● **YOUR INSTRUCTIONS**: Exact copies of all the lines below are wanted, without a single picture.

● **INFORMATION SUPPLIED**:
————————

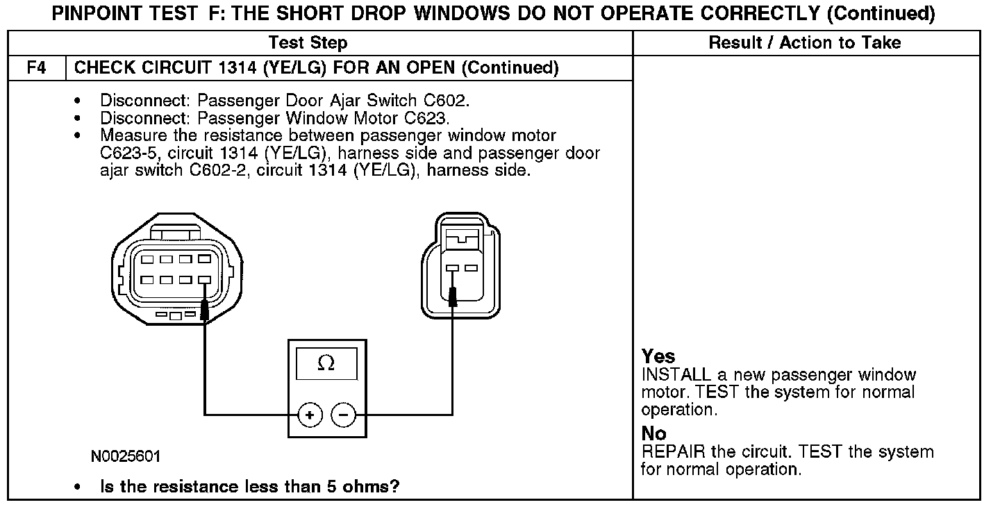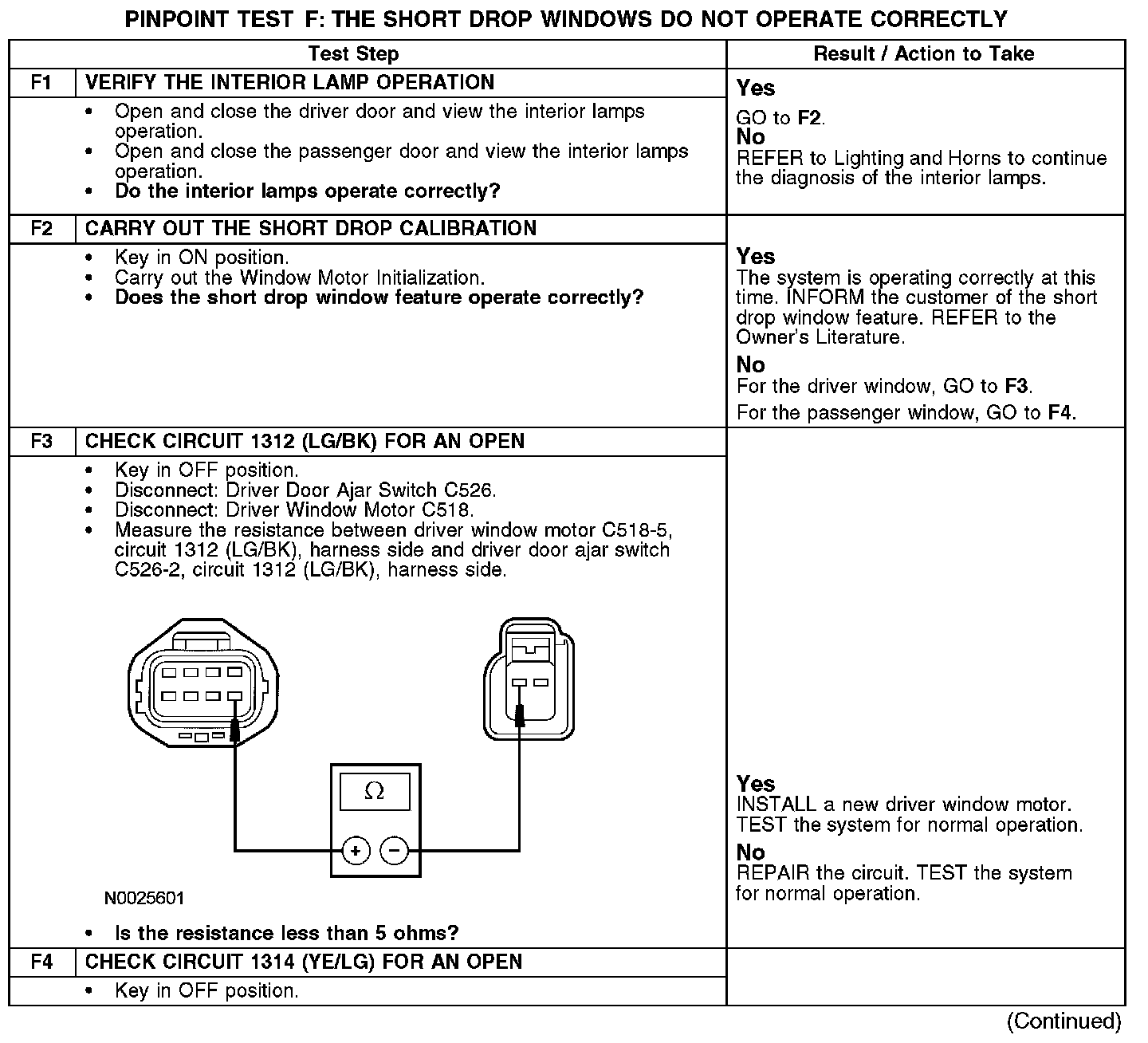 The short drop window feature is activated when one (or both) of the doors are opened, which opens a door ajar switch. When the driver door is opened (opening the driver door ajar switch), a signal on circuit 1312 (LG/BK) is interpreted by the driver window motor that the driver door is open. The driver window motor then carries out the short drop function on the driver window. When the passenger door is opened (opening the passenger door ajar switch), a signal on circuit 1314 (YE/LG) is interpreted by the passenger window motor that the passenger door is open. The passenger window motor then carries out the short drop function on the passenger window. This feature is on both the coupe and the convertible.
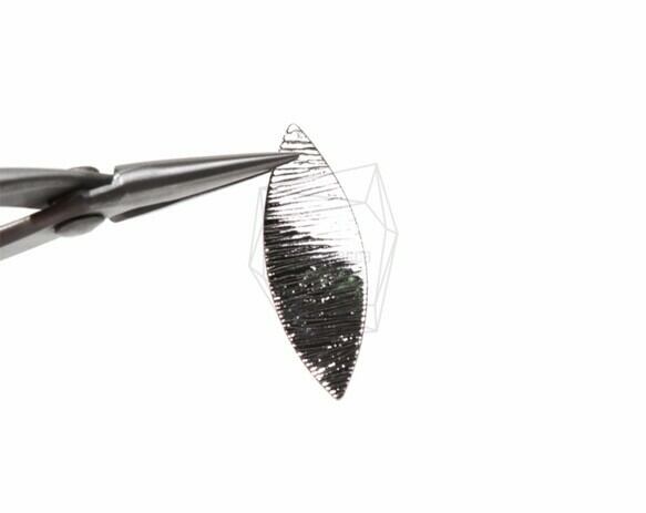 PDT-1087-R/2PCS/Textured Leaf Shape Pendant/12mm x 35mm/Rhodium Plated over Brass
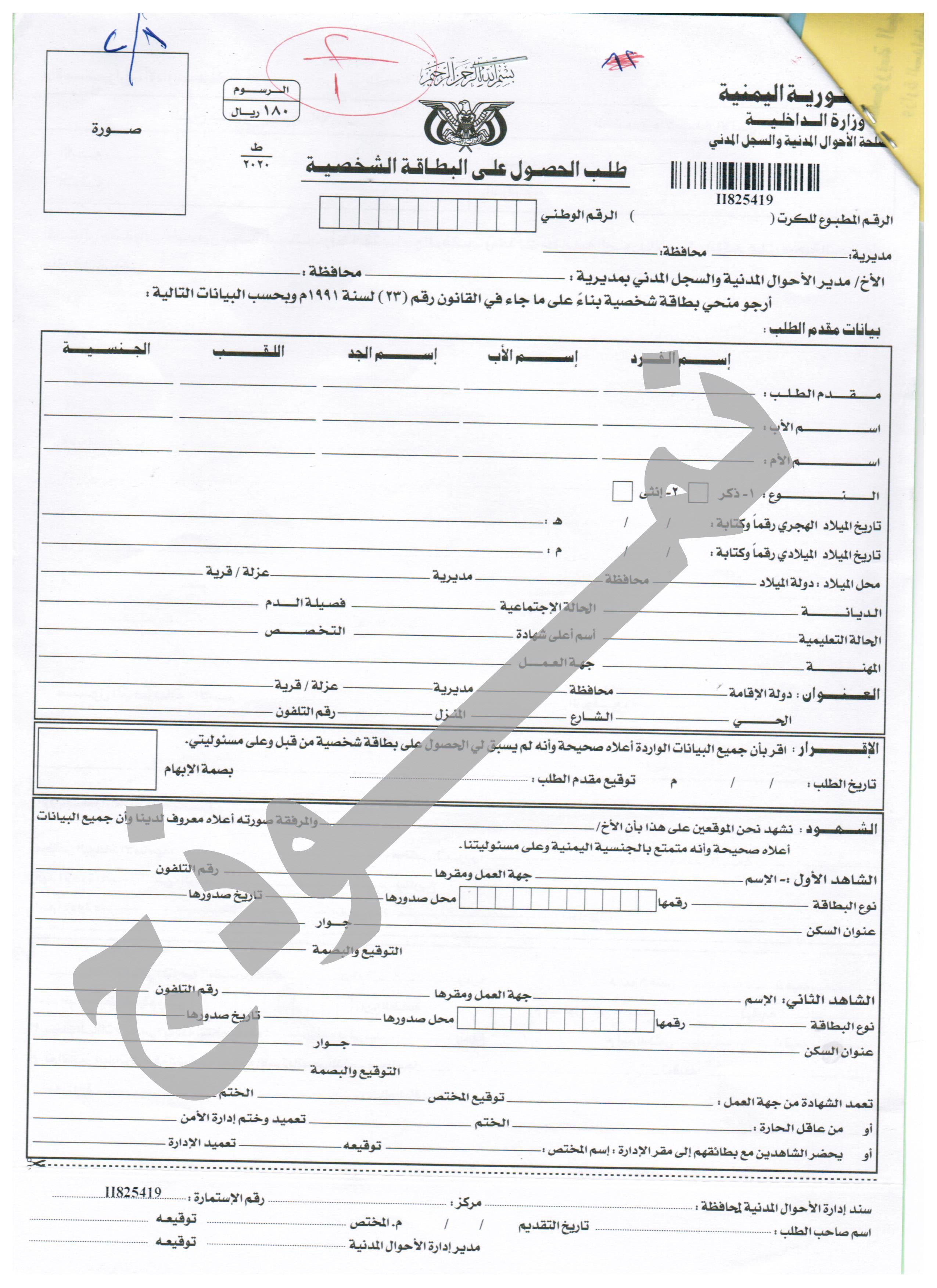 نموذج طلب الحصول على البطاقة الشخصية
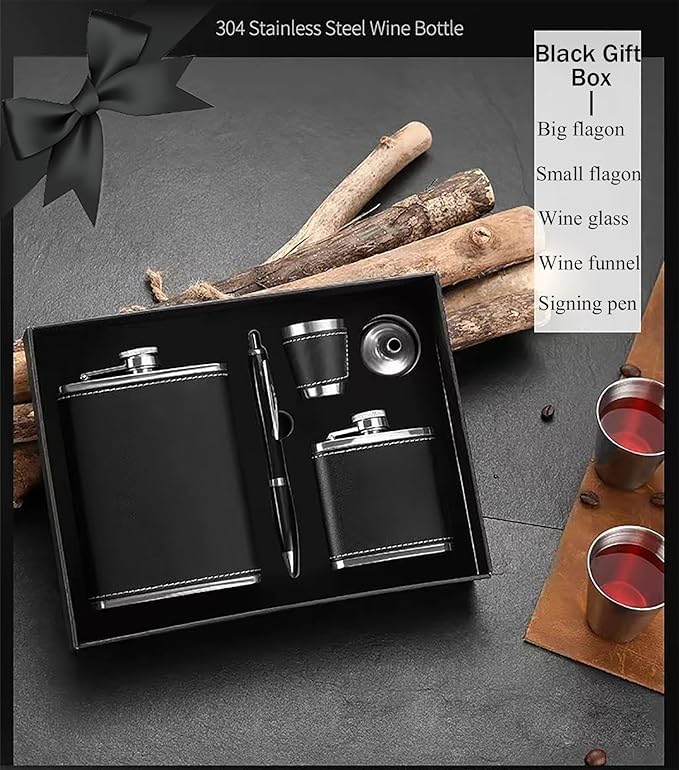 Enjoy your favorite drinks on the go with this Premium Stainless Steel Hip Flask Set. The set includes 2 sleek, leak-proof pocket flasks, a convenient funnel for easy refilling, and a durable wine glass for a touch of elegance wherever you are.

————————

● **WRITTEN ANSWER**:
 The short drop window feature is activated when one (or both) of the doors are opened, which opens a door ajar switch. When the driver door is opened (opening the driver door ajar switch), a signal on circuit 1312 (LG/BK) is interpreted by the driver window motor that the driver door is open. The driver window motor then carries out the short drop function on the driver window. When the passenger door is opened (opening the passenger door ajar switch), a signal on circuit 1314 (YE/LG) is interpreted by the passenger window motor that the passenger door is open. The passenger window motor then carries out the short drop function on the passenger window. This feature is on both the coupe and the convertible.
 PDT-1087-R/2PCS/Textured Leaf Shape Pendant/12mm x 35mm/Rhodium Plated over Brass
 نموذج طلب الحصول على البطاقة الشخصية
 Enjoy your favorite drinks on the go with this Premium Stainless Steel Hip Flask Set. The set includes 2 sleek, leak-proof pocket flasks, a convenient funnel for easy refilling, and a durable wine glass for a touch of elegance wherever you are.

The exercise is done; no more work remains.